--- The records ---
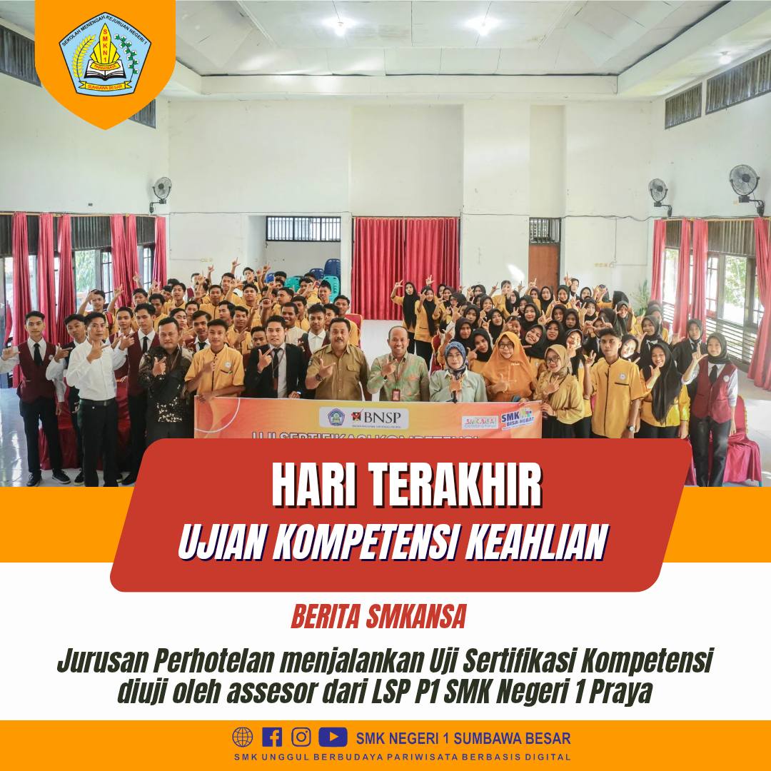 Selasa, 25 Februari 2025 Jurusan perhotelan menjalankan Uji Sertifikasi Kompetensi yang diuji langsung oleh para assesor dari LSP P1 SMK Negeri 1 Praya. Pada uji kompetensi ini ada 3 Skema sertifikasi okupasi yang didapatkan siswa Perhotelan terdiri dari Room Attendant, Guest Service Agent dan Waiter Server. Siswa SMKANSA hebat !!! #smkn1sumbawabesar #smkansa #ukk #lspp1 #dikbudntb
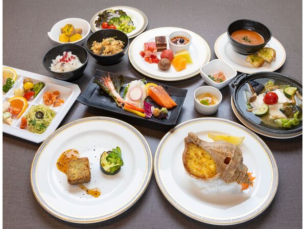 夕食:レストラン食となります。ブッフェ&3品のお品をご堪能ください。午後5時30分から午後7時までにご入場ください。レストランクローズ午後9時
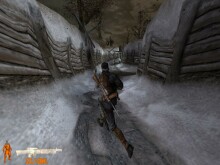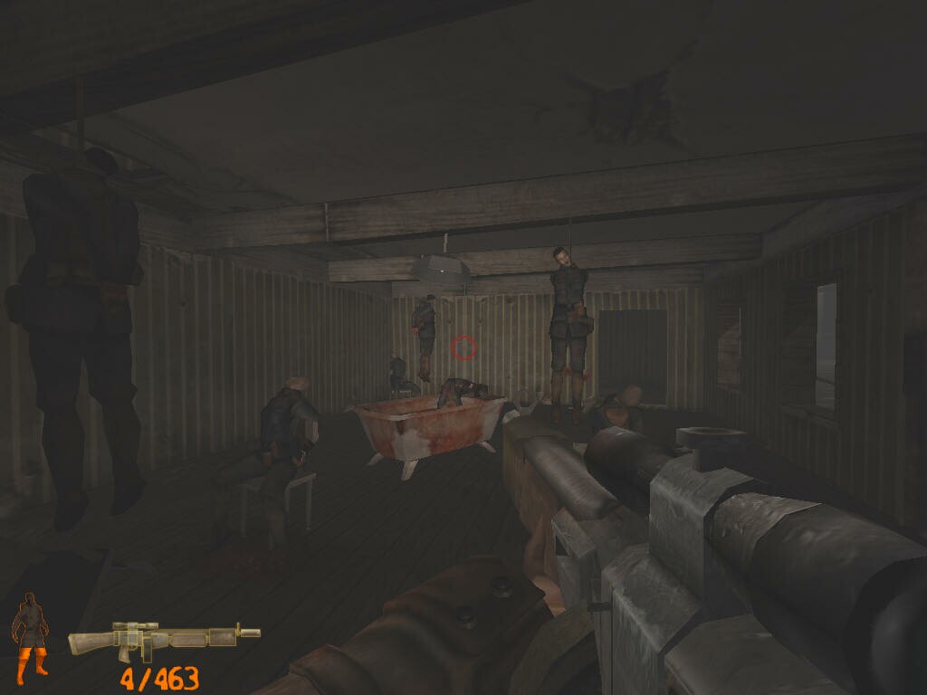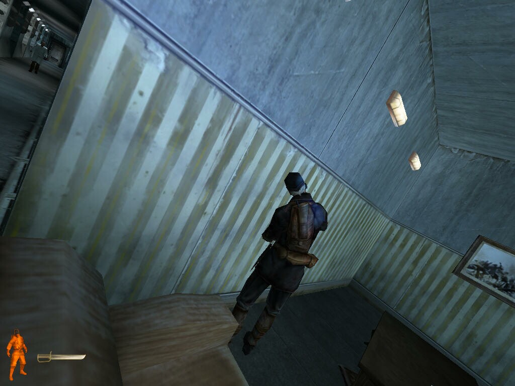 But anyway, the meat of the game is pretty good. Each section you end up in always has a little trick or puzzle you have to figure out before you can get past. There's little clues here and there for you to use to figure out what to do. Unfortunately this involves a lot of back tracking, and also adds a bit of unrealism to the game. Another instance is (on the train again) there are four guys huddled up in a gun turret. When you climb the ladder to get up there, they kill you in less than half a second time. I've gone as far as climb up, throw a grenade into the hatch and jump down. Explosion happens, I go back up and they are all sitting there, waiting for me. Turns out they are invincible. The only way you can kill them is to find a well hidden hole, so you can snipe them from a distance. But other than that, the tricks are somewhat clever.
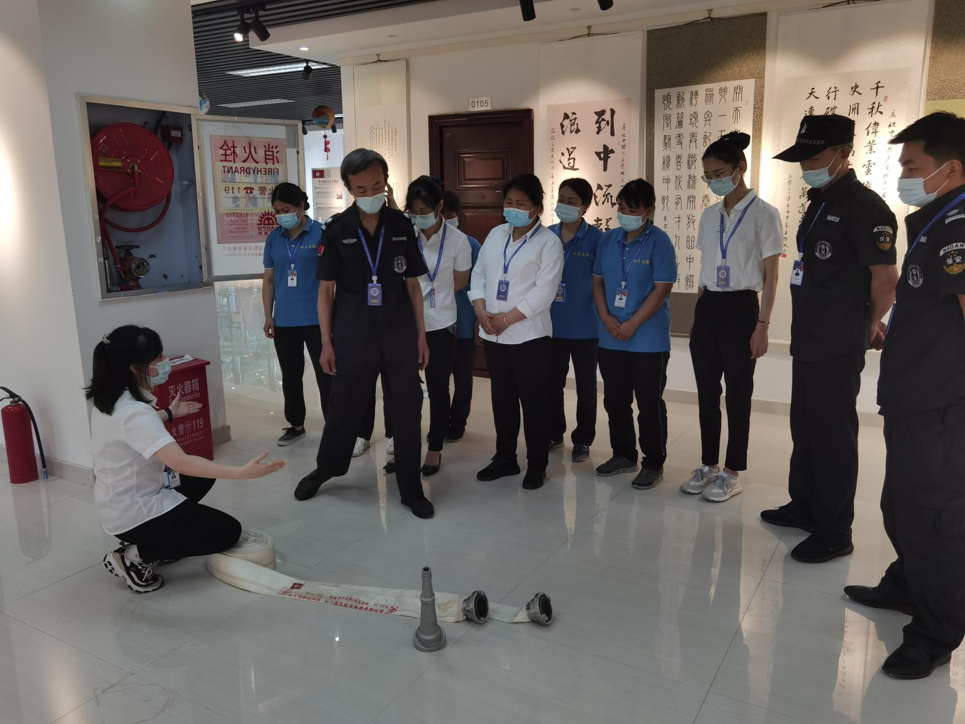 本次活动按东、西、北区划分,共设置三个会场。活动以理论知识培训与实地模拟演练相结合的方式,在三个会场同步开展。在理论知识培训环节,组织员工学习了消防器材使用方法、电梯困人处置流程、消防监控室火灾联动控制器基础操作、消防广播播报注意事项等内容。随后,各区以园区为单位,围绕理论学习的内容,进行了实地模拟演练。整个过程大家认真操作,默契配合,好学互学氛围浓厚。
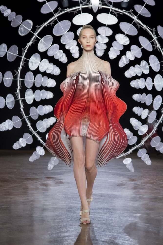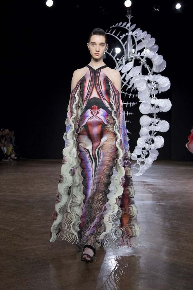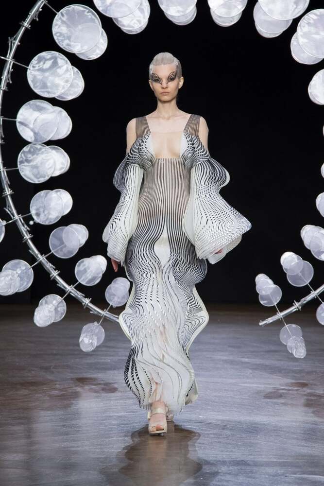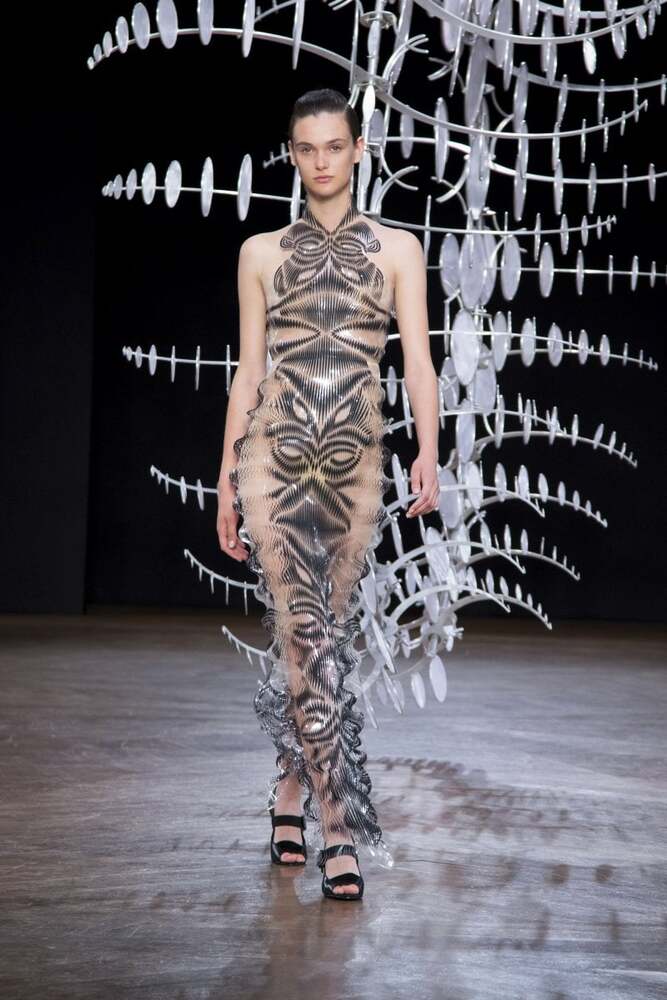 Hollandalı moda tasarımcısı Iris van Herpen’i; yıldızlar, Japon mitolojisi ve genetik mühendisliği ürünü hibrit bedenlerden ilham aldığı Shift Souls koleksiyonuyla tanımıştık. Kendisi teknolojiyi ve geleneksel couture işçiliğini birleştiren; geçmişin, şimdiki zamanın ve geleceğin estetik biçimlerini harmanlayan yenilikçi bir isim. Özellikle 3B baskının moda tasarımında kullanılmasında bir öncü. Tasarımcı, yeni koleksiyonu Hypnosis ile de ses getirmeye devam ediyor.

--- Action item ---
Quote, word for word and nothing more, every line from the line with "本次活动按东、西、北区划分,共设置三个会" to the end of the entries, including both ends; skip any pictures.

--- Output for this exercise ---
 本次活动按东、西、北区划分,共设置三个会场。活动以理论知识培训与实地模拟演练相结合的方式,在三个会场同步开展。在理论知识培训环节,组织员工学习了消防器材使用方法、电梯困人处置流程、消防监控室火灾联动控制器基础操作、消防广播播报注意事项等内容。随后,各区以园区为单位,围绕理论学习的内容,进行了实地模拟演练。整个过程大家认真操作,默契配合,好学互学氛围浓厚。
 Hollandalı moda tasarımcısı Iris van Herpen’i; yıldızlar, Japon mitolojisi ve genetik mühendisliği ürünü hibrit bedenlerden ilham aldığı Shift Souls koleksiyonuyla tanımıştık. Kendisi teknolojiyi ve geleneksel couture işçiliğini birleştiren; geçmişin, şimdiki zamanın ve geleceğin estetik biçimlerini harmanlayan yenilikçi bir isim. Özellikle 3B baskının moda tasarımında kullanılmasında bir öncü. Tasarımcı, yeni koleksiyonu Hypnosis ile de ses getirmeye devam ediyor.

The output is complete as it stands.